__EXERCISE OBJECTIVE__. Your answer must be the lines from the top of the listing below through the line that holds "Thus above curves", retyped exactly, with no pictures.

__RECORDED DATA__.
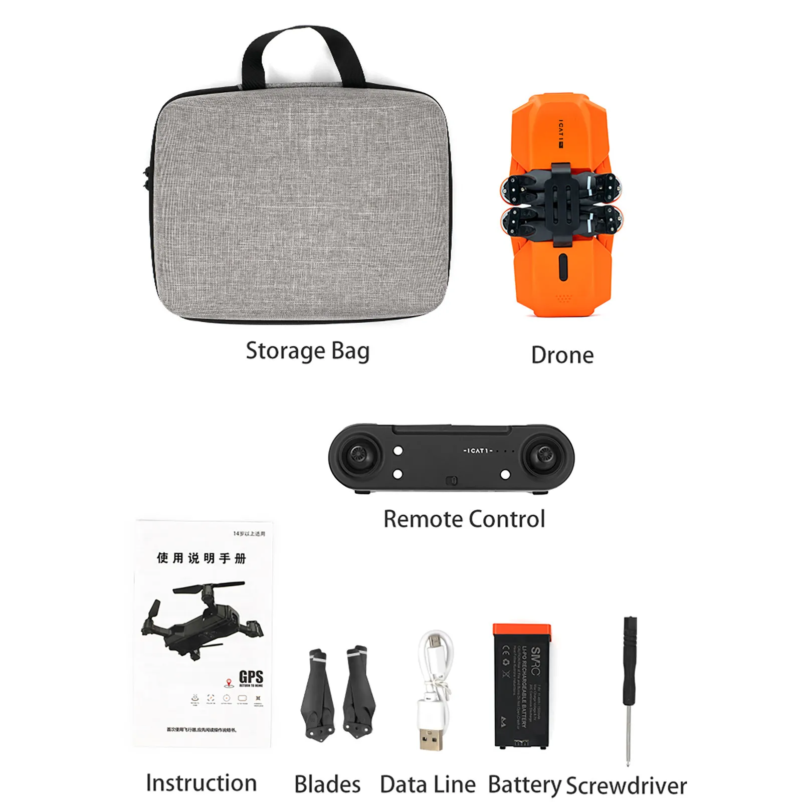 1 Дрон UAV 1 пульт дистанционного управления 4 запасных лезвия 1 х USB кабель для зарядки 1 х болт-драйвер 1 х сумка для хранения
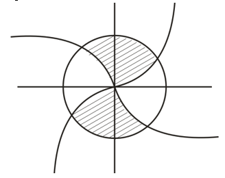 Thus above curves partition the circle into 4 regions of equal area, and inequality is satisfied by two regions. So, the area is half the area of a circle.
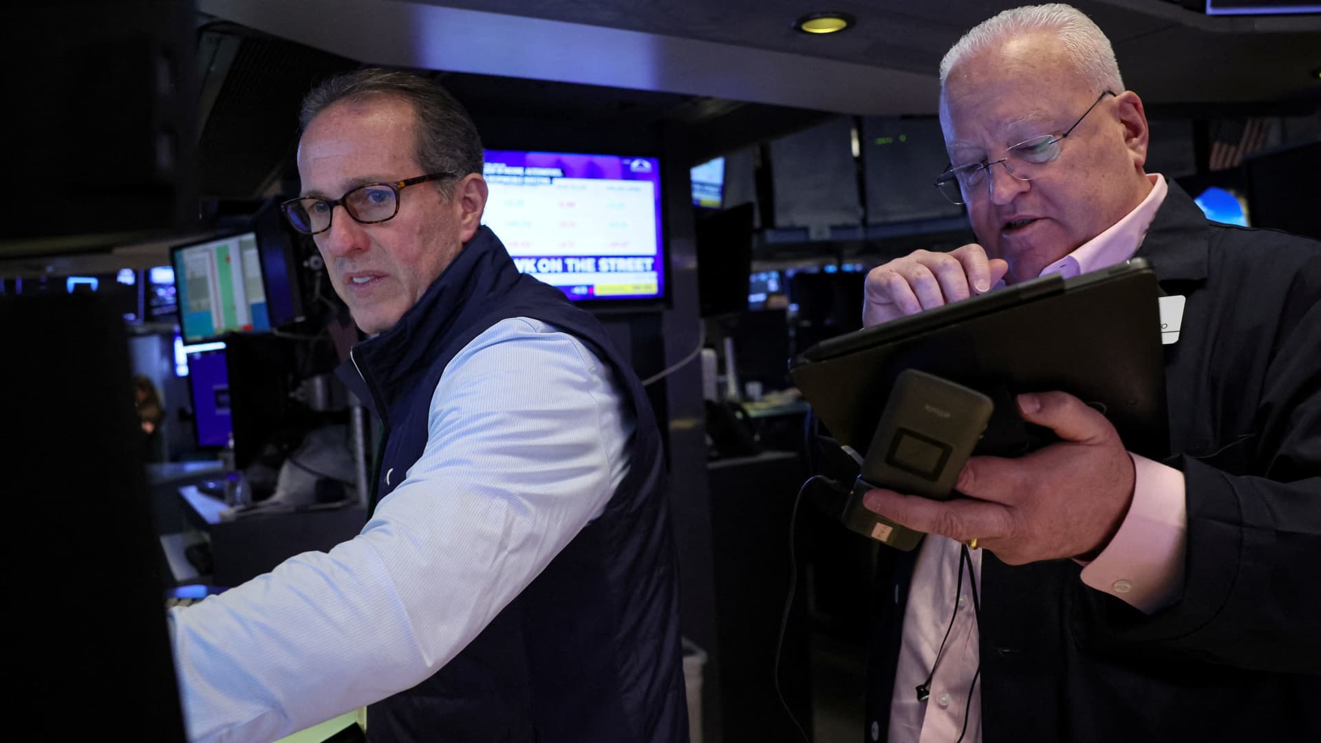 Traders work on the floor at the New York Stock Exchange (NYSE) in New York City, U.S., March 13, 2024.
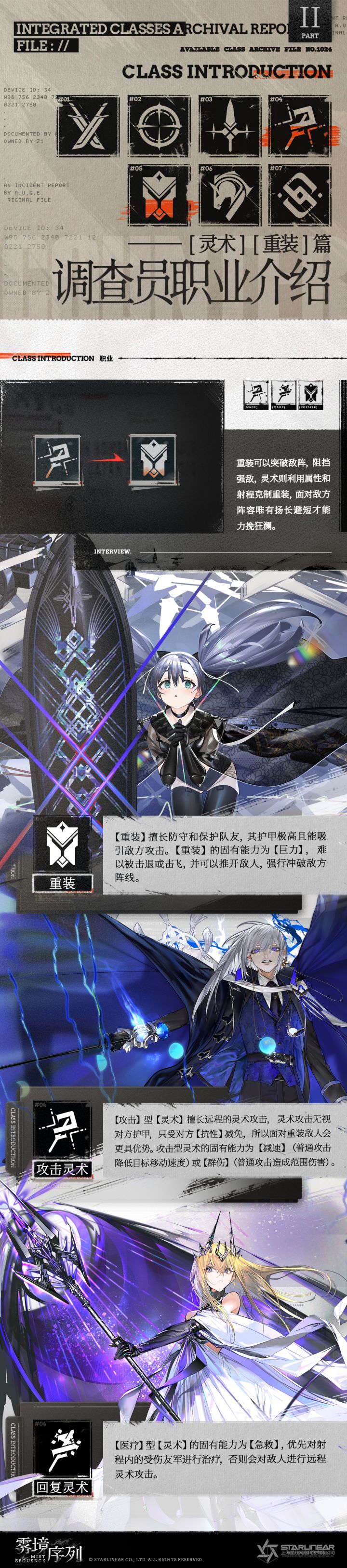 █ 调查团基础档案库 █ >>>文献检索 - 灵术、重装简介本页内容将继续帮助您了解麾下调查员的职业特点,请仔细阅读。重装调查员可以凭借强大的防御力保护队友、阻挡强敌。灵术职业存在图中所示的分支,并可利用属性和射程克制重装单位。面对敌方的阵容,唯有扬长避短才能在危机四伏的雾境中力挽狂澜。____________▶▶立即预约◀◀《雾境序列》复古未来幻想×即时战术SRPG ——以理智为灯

__SOLUTION BELOW__.
 1 Дрон UAV 1 пульт дистанционного управления 4 запасных лезвия 1 х USB кабель для зарядки 1 х болт-драйвер 1 х сумка для хранения
 Thus above curves partition the circle into 4 regions of equal area, and inequality is satisfied by two regions. So, the area is half the area of a circle.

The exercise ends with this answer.